According to the Georgia Department of Education (GDOE), there is no statewide definition of a “theme school” and it doesn’t know how many schools use parental contracts. When asked how she defines a theme school, Fuhrey said, “the theme of the school is what binds the school together. In this case, it’s a parental involvement theme school.”
GDOE said the school’s parental contracts are legal. “It is within a local school district’s authority to establish a specialty school or program and set requirements (including academic requirements) for admission and continued attendance. The district is within its authority to re-enroll the student in the school for which they are zoned,” said Meghan Frick, GDOE’s communications director.

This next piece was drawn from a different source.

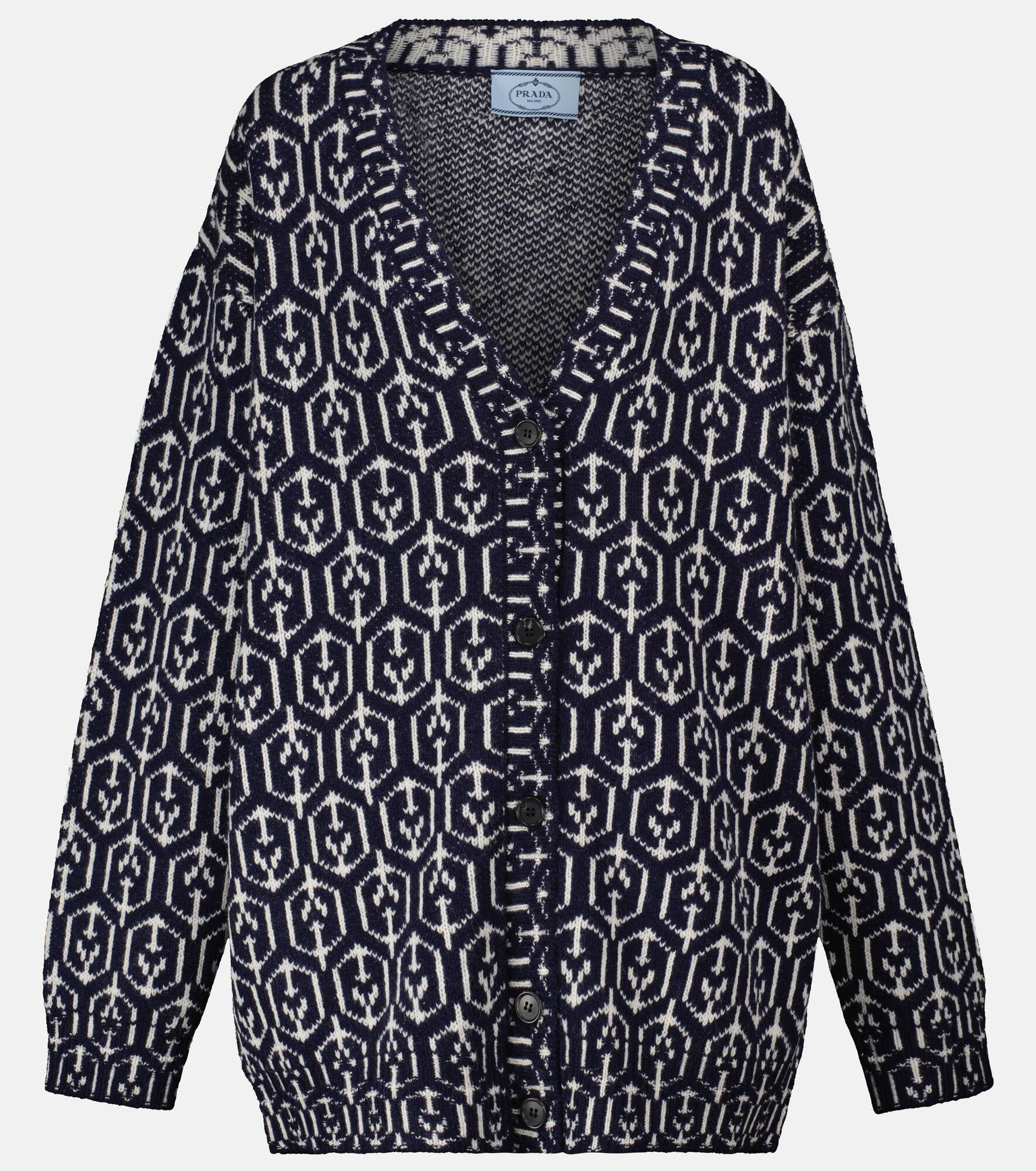 Opt for striking knitwear with this geometric jacquard-knit cardigan from Prada. It's made from soft-handled wool, and finished with a subtle tortoiseshell button-down front. Product Details - Made in Italy - Material: 100% virgin wool - Closure: buttoned front - Designer color name: Blu+Bianco - Care instructions: dry clean - Item number: P00594902 Size & Fit - True to size - Dropped shoulders - Oversized - Falls below the hip - The model seen in the picture is 178cm-5'10" and wearing a size IT 40
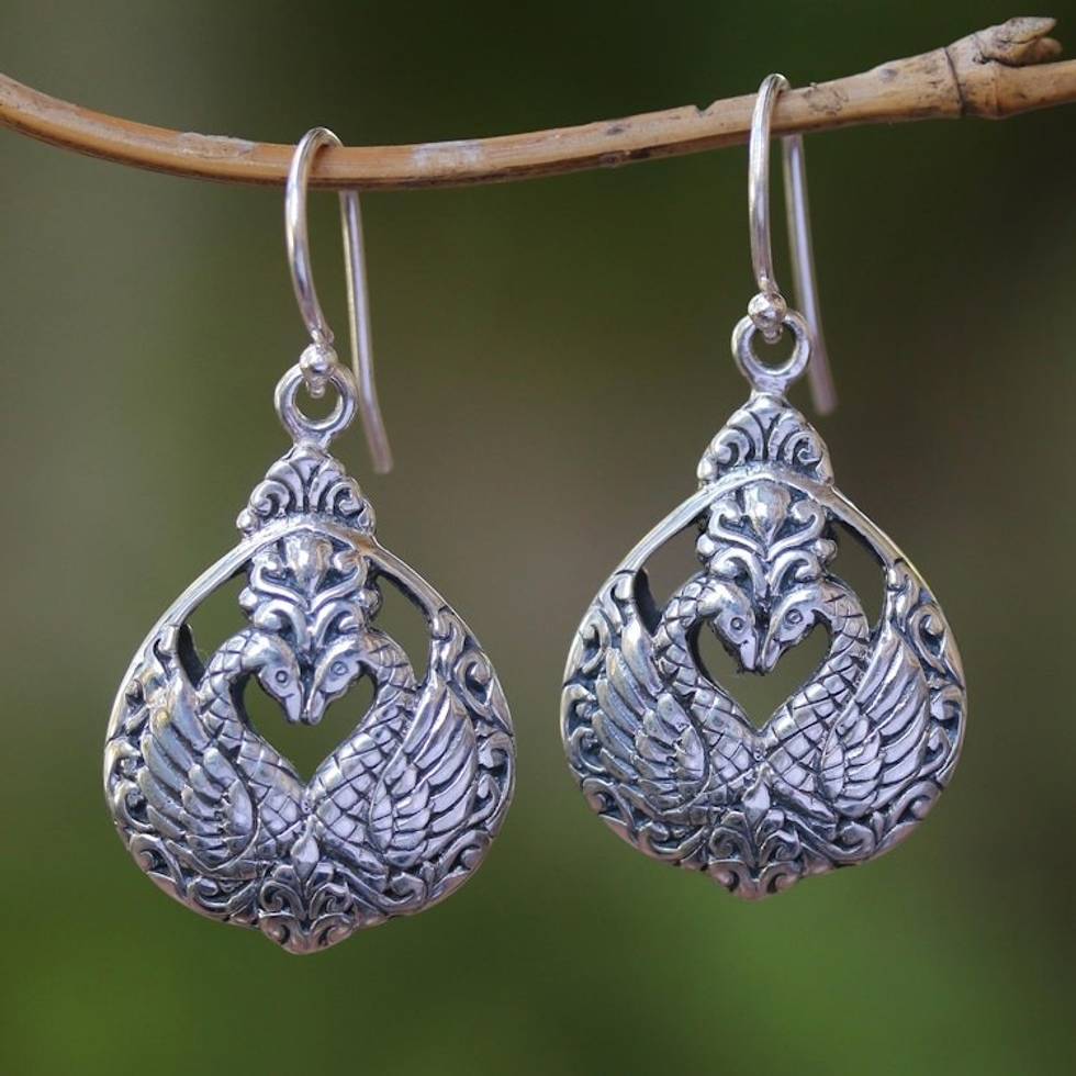 Sterling Silver Swan Dangle Earrings from Bali 'Loving Swans' Item ID: 2671736403

tephen Owens, education director for the Georgia Budget & Policy Institute, believes the theme school’s contract makes it difficult for poorer families to take advantage of Newton County Schools’ best school.
“They found a way to restrict enrollment by having these requirements for how much the parents participate and how high the kids’ grades are, when we know that, especially in the younger grades, those kids’ performances are directly tied to how much money their parents make,” Owens said.
According to the Governors Office of Student Achievement, the school district’s poverty rate throughout the system averages about 43 percent. It’s 13 percent at the theme school. Those numbers mirror the percentage of students on free and reduced lunch in the county, which is 73 percent districtwide. It’s less half that (29 percent) at the Newton County Theme School.
That means the majority of the school’s students come from the district’s wealthiest families. It is also one of the system’s best academically performing schools.
Owens believes the contracts allow the school to cherry pick which students they want to succeed and participate. “These parents in Newton County probably thought they chose this great theme school, but if you’re not reading the fine print, you find out your kid is kicked out because they didn’t get an 80,” Owens said. “That’s legalized discrimination and we’re financing it.”
Fuhrey disagrees with Owens’ assessment, “but I do understand what he’s saying. There are situations where perhaps the rules are exclusionary and I don’t think that’s what we are doing.”
“It’s a choice school,” she said. “And so not every parent has the time or wants to connect the way the parents at the theme school have, the way they are connecting now. But all of our schools offer the same sorts of experiences of children who are performing very well.”